▶ INPUT FOR THIS TASK

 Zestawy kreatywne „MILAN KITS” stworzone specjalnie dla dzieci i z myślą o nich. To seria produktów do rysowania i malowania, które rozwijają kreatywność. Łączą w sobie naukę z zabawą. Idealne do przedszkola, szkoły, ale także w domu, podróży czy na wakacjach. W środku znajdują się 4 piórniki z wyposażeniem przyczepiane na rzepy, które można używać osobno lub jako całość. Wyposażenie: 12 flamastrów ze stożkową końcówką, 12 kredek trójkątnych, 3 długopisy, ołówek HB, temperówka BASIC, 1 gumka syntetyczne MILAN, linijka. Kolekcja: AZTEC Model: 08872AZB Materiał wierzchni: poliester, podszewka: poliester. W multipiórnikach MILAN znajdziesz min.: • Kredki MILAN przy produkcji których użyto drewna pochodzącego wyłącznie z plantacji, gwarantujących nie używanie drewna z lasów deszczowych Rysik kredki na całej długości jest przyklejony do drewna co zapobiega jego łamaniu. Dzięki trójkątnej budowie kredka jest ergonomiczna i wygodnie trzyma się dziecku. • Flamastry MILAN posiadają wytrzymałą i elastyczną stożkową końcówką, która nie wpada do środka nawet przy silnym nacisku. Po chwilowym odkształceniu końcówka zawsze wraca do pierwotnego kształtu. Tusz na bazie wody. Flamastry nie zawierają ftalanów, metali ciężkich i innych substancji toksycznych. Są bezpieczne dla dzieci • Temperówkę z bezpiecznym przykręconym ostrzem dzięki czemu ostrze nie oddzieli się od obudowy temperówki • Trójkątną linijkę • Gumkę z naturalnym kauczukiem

--

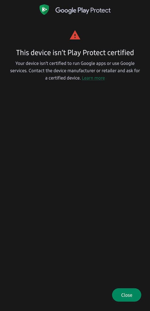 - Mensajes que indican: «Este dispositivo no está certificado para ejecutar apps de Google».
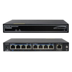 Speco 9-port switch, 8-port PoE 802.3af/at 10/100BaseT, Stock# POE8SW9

▶ WORK INSTRUCTION
Taking the records above, print only and exactly the lines from the line with "- Mensajes que" to the line with "Speco 9-port switch, 8-port", both kept, and exclude pictures.

▶ YOUR RESPONSE
 - Mensajes que indican: «Este dispositivo no está certificado para ejecutar apps de Google».
 Speco 9-port switch, 8-port PoE 802.3af/at 10/100BaseT, Stock# POE8SW9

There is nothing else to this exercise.